The process began in mid 2014, with a site-specific performance called “Spectral Rite” at the Museum of Modern and Contemporary Art in Seoul, Korea. The goal was to create a magical ritual that would challenge the authoritarian power structures of the museum itself and society at large. HYENAZ travelled to a farmhouse outside of Berlin, joined for part of the process by visual artists Sylbee Kim and Nico Pelzer.
There they used “Chaos Magic”, an unorthodox, post-modern magical movement where practitioners construct spells and rituals from the context in which they find themselves. What they found in Chaos Magic mirrored the artistic game approach to creativity that HYENAZ had learned from an encounter with the activist-poet C.A. Conrad on their last USA tour. The pairing of these influenced helped to craft a set of generative techniques for the texts, tones, movements and visuals of the museum performance and the album “Critical Magic”.

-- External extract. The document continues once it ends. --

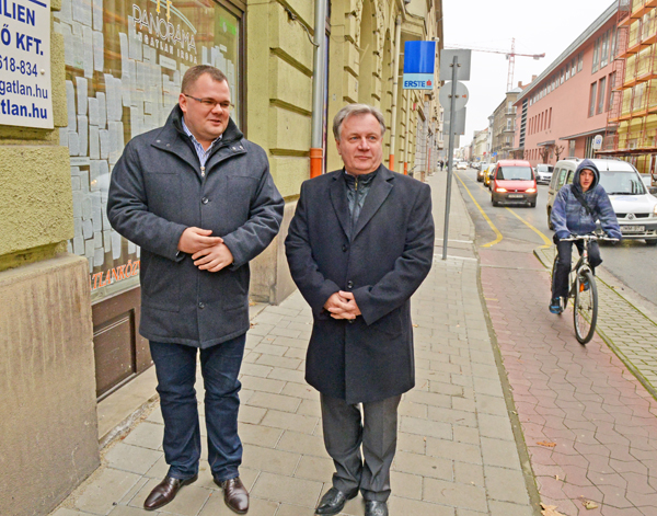 A győri belvárosi járdák újabb szakaszai kaptak térkő burkolatot, Fekete Dávid alpolgármester és Prédl Antal, az útkezelő szervezet vezetője szerdán délután 440 méternyi gyalogutat adott át hivatalosan is a forgalomnak.

Two weeks of spells, artistic games, and psychedelic experimentation followed: HYENAZ took walks through the forest recording spontaneous melodies into a Zoom recorder; they holed themselves up in a basement, sampling ancient water boilers and scrap metal to turn into the synth patches and percussion that populate the album; they sat in fields writing lyrics as a collective, each responding to the fixed commands of the task they had divined.

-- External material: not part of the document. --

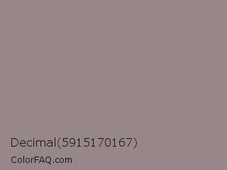 Decimal 5915170167 Color is a normal red color and the nearest color is Venus #928590. Hex code #978789 and RGB value is rgb(151,135,137). In RGB color space, this color is composed of 59% red, 53% green, 54% blue, In CMYK color space, this color is composed of 0% cyan, 11% magenta, 9% yellow , 41% black , In HSL color space, this color has a hue angle of 353° , 7% saturation and 56% lightness.

Critical Magic builds on the experimental spirit of their first self-titled endeavour, which was released by the LA-based Records Ad Nauseam. More than just a concept album, Critical Magic can be understood as a singular cohesive spell, a torrent of incantations leading to a height of gnosis and ending in a reality transformed by the performance of the magical ritual. This journey is represented in part by a fracturing of genre into flow: Synthpop devolves into broken beats, tech-house into horror-wave into bounce into manic laughter. The flows of the album are guided, above all by the needs of the ritualistic practices they immerse themselves in, above all other considerations.
To place HYENAZ in terms of influences, it is necessary to look beyond music to the work of philosophers like Deleuze & Guattari and Walter Benjamin, Butoh dancers like Kazuo Ohno and surrealists like Cherrie Moraga and Alexander Jodorowsky—thinkers, dreamers and movers concerned with the multiple, with the alien-self, and above all with possibilities for self and social transformation through artistic practice and the performance of ritual.